1. Introduction
Whole-blood analysis is widely recognized as the gold standard in clinical diagnostics, offering a comprehensive assessment of a patient’s health status. However, the intense red coloration of hemoglobin can interfere with diagnostic techniques that rely on optical or colorimetric detection. Consequently, plasma separation from whole blood is often necessary—a process traditionally achieved through centrifugation. While effective, centrifugation requires specialized and bulky equipment, which limits its use in low-resource settings where laboratory infrastructure is not available or for Point of Care (POC) testing.
In many clinical scenarios, there is a pressing need for diagnostic tools that are rapid, simple, and reliable for the detection and quantification of biomarkers. These tools enable early medical decision-making, which can significantly influence patient outcomes. Delays in biomarker analysis may lead to increased risks of complications, long-term disability, or even death. Within this context, biosensors designed for Point-of-Care (POC) testing have gained considerable attention due to their ability to support timely and informed clinical decisions [
1].
Among the most critical biomarkers is glucose, a key metabolite involved in numerous physiological processes. Blood glucose levels are essential indicators in diseases such as diabetes, where continuous monitoring is crucial for effective disease management. Additionally, low glucose levels can result in hypoglycemia, a condition triggered by extended fasting or intense physical activity. Therefore, accurate and frequent glucose monitoring is vital for both diagnosis and the prevention of complications related to hyperglycemia and hypoglycemia [
2].
To support the development of accessible and effective diagnostic tools, the World Health Organization (WHO) established the ASSURED criteria for POC technologies: Affordable, Sensitive, Specific, User-friendly, Rapid and Robust, Equipment-free, and Deliverable to end users. These guidelines are particularly important in developing regions, where cost and ease of use are key factors driving the adoption of diagnostic innovations [
3,
4].
In this context, paper-based analytical devices (PADs) have emerged as promising platforms for low-cost, rapid diagnostic testing. Thanks to their porous structure and the ability to transport fluids through capillary action, paper is an ideal material for creating devices that operate without external pumps or instrumentation. Since their introduction by the Whitesides group in 2007—using photolithographic patterning techniques—microfluidic paper-based analytical devices (µPADs) have demonstrated significant potential in fields ranging from clinical diagnostics and environmental monitoring to food safety and biohazard detection [
5,
6].
Among the detection methods integrated into PADs, colorimetric assays are particularly appealing due to their ability to visually display results without requiring complex equipment. Although commercial test strips offer qualitative or semi-quantitative analysis, they often lack the precision and reproducibility needed for clinical reliability.
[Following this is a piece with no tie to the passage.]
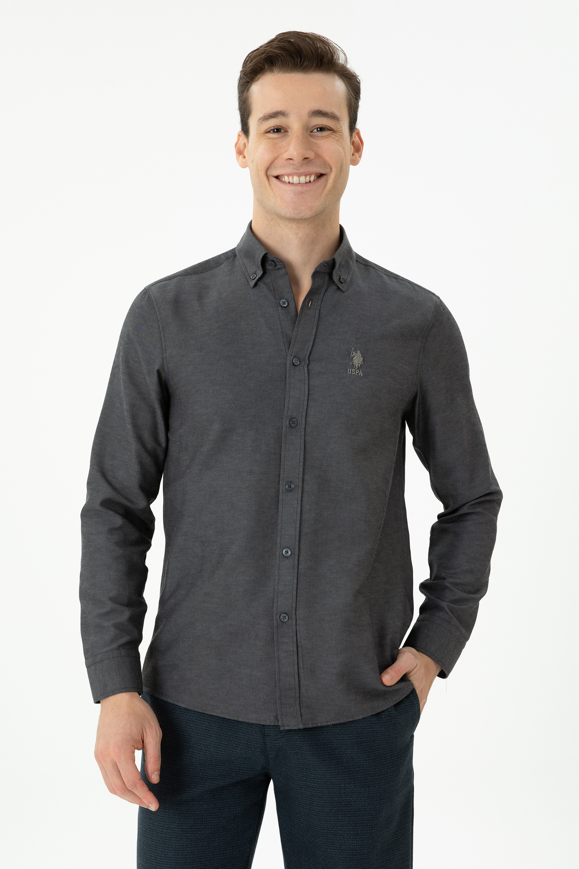- Erkek Antrasit Uzun Kollu Basic Gömlek

While colorimeters can enhance measurement accuracy, they are typically expensive and require trained personnel to operate [
7,
8].
Beyond colorimetric sensing, smartphone integration has enabled alternative diagnostic modalities that exploit embedded cameras, inertial sensors, and artificial intelligence algorithms to extract physiological information without dedicated laboratory instruments. Examples include contactless optical detection of blood oxygen saturation using facial imaging [
9], biomechanical analysis of movement through smartphone inertial sensors coupled with machine learning [
10], and AI-driven mobile applications for pediatric diagnostics [
11]. These studies collectively demonstrate the versatility of smartphones as biomedical platforms, extending well beyond traditional colorimetric biosensing.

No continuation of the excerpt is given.